One of the very interesting aspects of the period from 1982 to about 2016 is the willful suspension of disbelief by otherwise hard boiled free world leaders across the board (political leaders of both liberal and conservative persuasion, corporate leaders, academic leaders, and press leaders) regarding the nature, objectives, and methods of the Chinese Communist Party. It was known that in the Party’s debate about opening China to outside influence, Deng had admitted that some “flies” would get in but reassured his comrades that they could be swatted. The Tiananmen Square massacre of hundreds of students demonstrating for democracy in June, 1989, was quickly forgiven in the free world. Indeed, none other than President George H.W. Bush on whose staff I worked for some time immediately sent his National Security Advisor Brent Scowcroft to Beijing to tell Deng not to worry, that “President Bush was his best friend at this moment and would keep the boats from rocking.” Big time CEOs like Fred Smith of Fedex begged to be chosen to introduce key Chinese leaders at international conferences. (I was there when Fred introduced Jiang Zemin at the APEC conference in Shanghai in 2001). Despite the constant strengthening of the Great Fire Wall that cleaved the Internet in two and the exclusion from the Chinese market of U.S. corporations like Microsoft and Google and the strict censorship of the Chinese press, writers like lead New York Times foreign affairs columnist Tom Friedman could make a runaway best seller out of a book entitled The World is Flat, meaning China, Germany, America and others were essentially the same economically. U.S. Trade Representatives like Charlene Barshefsky could argue with a straight face that bringing China into the WTO and thereby requiring it significantly to reduce its tariffs would cut the then roughly $80 billion annual U.S. trade deficit with China in half. In fact, the deficit grew nearly five fold, but that error did not get in the way of Barshefsky being invited as an expert speaker on China to all the major business and academic conferences.
In this time when Paulson was a major player, it was as if the American establishment was determined that China would be the China of its dreams, a kind of second America which would inevitably democratize and evolve into co-hegemon to rule the world in concert with the United States.
Lamenting the good buddy days of the U.S.-China relationship in the 1990s and early 2000s, Paulson today appears to be a bit preserved in amber. Since he left the W administration, developments in China have dramatically revealed the superficiality and ignorance of the establishment’s mindset. In 2012, Document 9, On the Ideological Sphere, was published by the CCP. It clearly states that the Party does not recognize universal human values, does not recognize a rule of law, does not condone a free press, and certainly not western style democracy. In 2015, the Chinese government announced the policy of Made in China 2025. Under this policy advanced semiconductors, telecommunications equipment, artificial intelligence and virtually all other high technology goods and services were to be made in China with 70 percent Chinese content by the year 2025. Hmm.

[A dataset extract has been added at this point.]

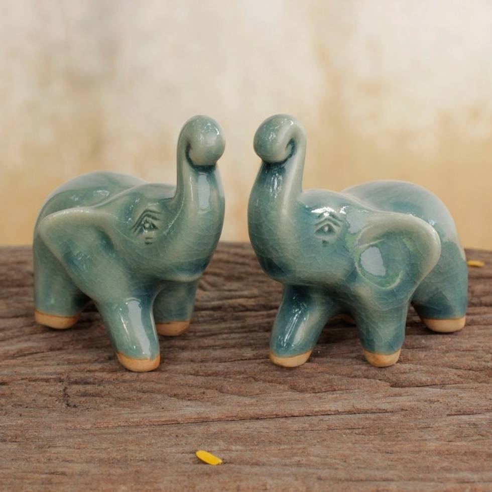 2 Blue Celadon Ceramic Handcrafted Lucky Elephant Figurines 'Lucky Blue Elephants' Item ID: 2669892425

This hardly jibbed with being a “responsible stakeholder in the liberal, rules based, global economic system” or with the warm, friendly collegiality of the old Friends of China Club of which Paulson was a charter member.
It was at about this same time that the Chinese Coast Guard and Navy began dredging reefs and small islands in the South China Sea while seizing some that International Law said belonged to the Philippines, Vietnam, Malaysia, and Indonesia. This looked like a precursor to effective militarization of the South China Sea. In his 2016 meeting with President Barack Obama, Xi denied militarization and Obama thought that Xi had promised not to militarize the area. But, in the wake of the visit, the dredging increased, and military aircraft runways were built by China on several key islands. In fact, the South China Sea has been militarized by Beijing. Not only that, but in 2017, China’s number one leader Xi Jinping created the Central Military-Civil Fusion Development Committee and charged it with removing all barriers between the joint development of civilian and military technology. In effect, any corporation (whether privately of state owned) could be designated as essential to military development and directed to fuse its technology with that of military goods and services suppliers.
A final episode may capture the full essence of how Paulson and the U.S. establishment completely missed the reality of China under the CCP. In 2015, a shooter in Bakersfield, Ca. dropped his iPhone will running away from the crime. The FBI asked Apple to help solve the crime by opening the iPhone for FBI investigation. Apple (under present leader Tim Cook) stoutly refused and contested against the FBI in U.S. courts saying it had to protect the confidentiality of the data of its customers. Fast forward to 2019 in Hong Kong. Students then were demonstrating against the loss of freedom being imposed by Beijing. In the iPhone App store was an app called Hong Kong Map Live. With the app, the students could see all of Hong Kong in real time. They could see where the police were stationed and so naturally went to demonstrate where the police were not. This was driving Beijing crazy. It threatened CCP style informal coercion in the Peoples’ Daily (main party paper) and within two days, the app was out of the Apple app store. If you are a murderer in America, Apple will protect you. But if you are a kid demonstrating for democracy in a Chinese Communist controlled jurisdiction, don’t expect Apple to have your back.
I have not much mentioned China’s enormous military build up (its navy now has more ships than the U.S. Navy), especially of nuclear weapons, nor its threats to invade Taiwan, nor its use of coercion on countries like Norway, Australia, and South Korea by shutting off its imports from them if they say or do things China doesn’t like.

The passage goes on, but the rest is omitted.